The latest "soda war" is the fight to have your products seem healthy—and PepsiCo has enlisted some media allies
It used to be that the "soda wars" referred to Coke vs. Pepsi. No more. Today's soda wars are fought on the health front, as more and more evidence links sugary drinks to obesity and other health problems.
The current issue of The New Yorker has an article by John Seabrook (in which I am briefly quoted) about Pepsi's attempt to "health up" its snacks and drinks.

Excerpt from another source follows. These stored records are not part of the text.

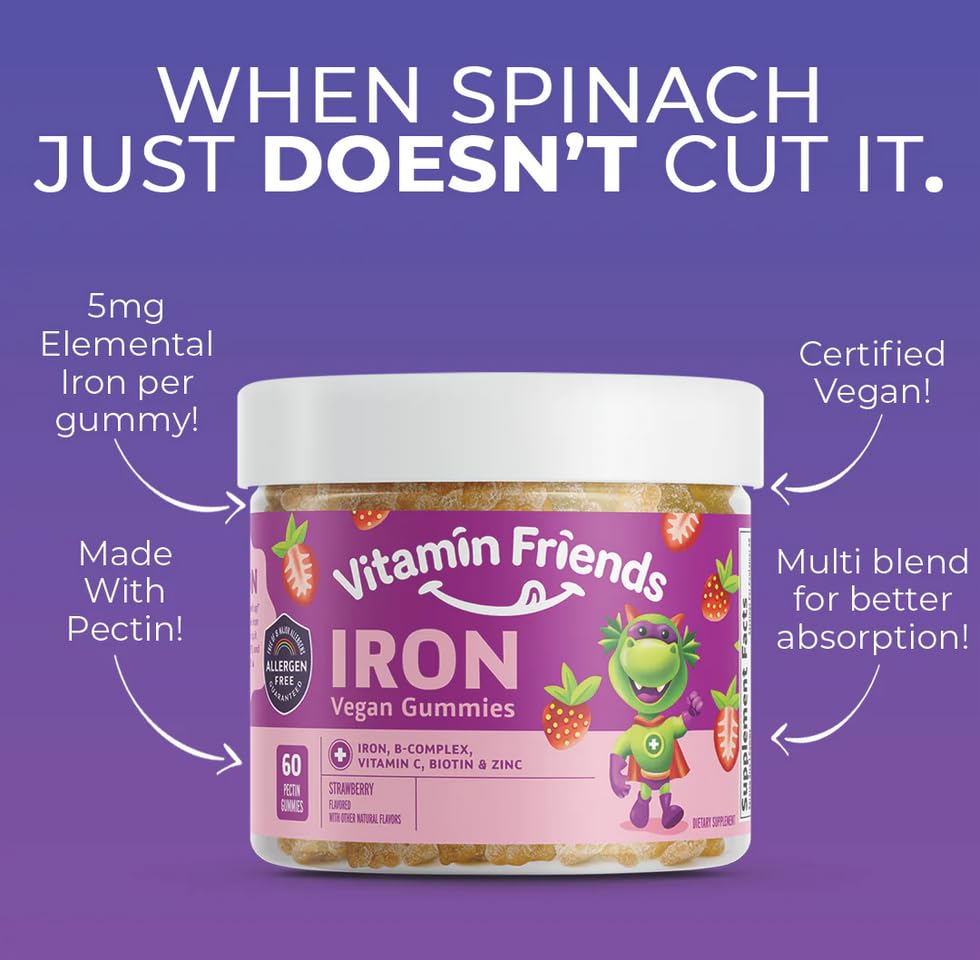 15mg Iron (Ferrous Fumarate) = 5mg Elemental Iron per gummy! Supports Body Function and Good Health* A lack of iron in the blood can lead to iron deficiency anemia (IDA). This condition is especially prevalent during the infant and adolescent years. A proper level of iron in the blood helps to ensure proper body function as well as good health in general during these ‘rapid growth’ periods. Iron Gummy Bear may increase the iron content in your body. These bears contain an essential mineral called ferrous fumarate and may help to prevent the drop of iron level in the blood. This ferrous fumarate supplement increases the hemoglobin level in red blood cells while also supporting hemoglobin formation. It may also promotes muscle health and strengthens the immune system. These gluten free dietary supplements also may help build concentration and memory power in young people and professionals. Get this Iron-Bear dietary supplement and protect your body from iron deficiency. More about the product SUPPORTS BODY FUNCTION & GOOD HEALTH: A healthy level of iron in blood leads to proper body function + promotes muscle health + strengthens immune system + helps build concentration + memory power + essential for healthy red blood cell formulation. GELATIN FREE INGREDIENTS THAT WON’T LEAD TO CAVITIES: Vitamin Friends is a gelatin free, non-sticky, high quality gummy vitamin, made with 100% natural Pectin. Unlike most other gummy products for kids, full of sugars & sticky gelatins PREMIUM INGREDIENTS: With a new delicious strawberry flavor.More Info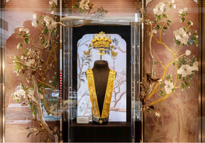 体验店汲取东方古典园林的灵感,以当代简约和法式浪漫的设计笔触,将其转译为现代视觉体系。尚未步入门店,就能感受到扑面而来的中式气韵:金色门头下,橱窗内是拔地而起、蜿蜒而上的连理枝,比翼鸟栖居其上,还原“在天愿作比翼鸟,在地愿为连理枝”的美好意象。九龙凤冠与黄金霞帔陈列其间,无声诉说大气庄严的婚嫁古韵。就连门把手都取自八瓣海棠的美好意象,推开它,便正式进入东方婚嫁世界。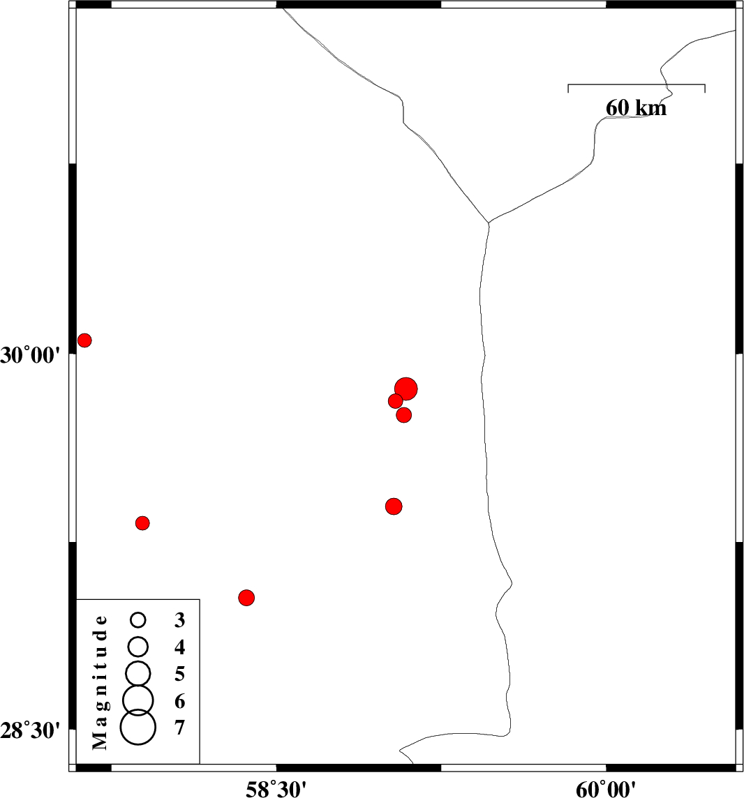 | 2017/06/10 | 04:07:03.4 | 08:37:03.4 | 29.86 | 59.089 | 14 | ML:4.7 | Kerman Province, 110 km North-East of Bam | ||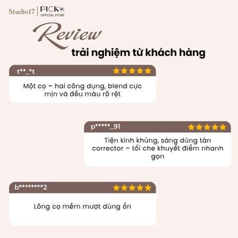 Studio17 mang đến ba thiết kế cọ che khuyết điểm chuyên biệt, phù hợp với từng nhu cầu và từng vùng da: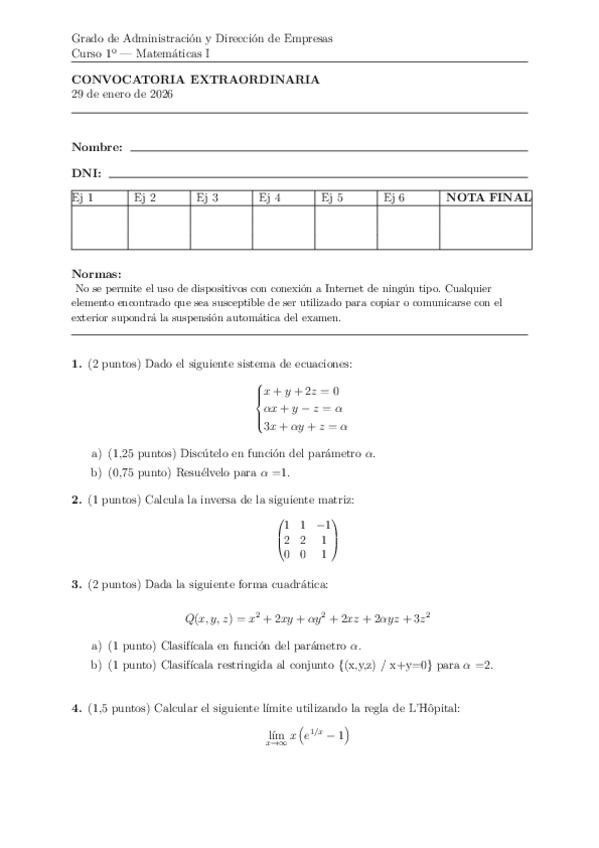 He publicado nuevos examenes de 1º Matemáticas I: Sol-Examen-EXTRA-29-ENE-2026.pdf

Seabrook's article, "Snacks for a fat planet," describes the extraordinary amount of money and effort Pepsi is spending to try to tweak its products to make them seem healthier. His article doesn't exactly give Pepsi a pass (as some of my readers have complained), but it does not really come to grips with how sugary drinks and snacks affect health or how Pepsi is marketing its products in developing countries.
That, no doubt, is why Pepsi has sent out a press release to reports that enclosed the complete article and suggested that reporters might be "interested in the company's focus on its innovative approach to":
- Reduce salt, fat and sugar across the portfolio - the New Yorker feature explains PepsiCo's effort to re-shape natural salt so that it has more surface area, and, in turn, is perceived as "saltier" on the tongue - meaning they can maintain all the salty flavor in Lay's but reduce overall sodium content
- Scale more drinks and snacks made with whole grains, fruit, vegetables and dairy to new markets - e.g. bringing vegetable-based gazpacho (perhaps with an edible whole grain spoon) to the U.S.

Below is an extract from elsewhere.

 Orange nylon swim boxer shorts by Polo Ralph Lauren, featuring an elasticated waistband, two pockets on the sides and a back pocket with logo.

- Test new ingredients brought back from "treks" around the world - e.g. using a state-of-the-art robot in PepsiCo's new Hawthorne, NY research lab to test botanicals and other natural ingredients from near and far - e.g. even secluded villages in the far East - to determine their impact on taste and viability for use in PepsiCo snacks and drinks (Do they intensify sweetness? Can they be a substitute for sugar? Do they have a particular healthful function?)
Score this one as a win for Pepsi.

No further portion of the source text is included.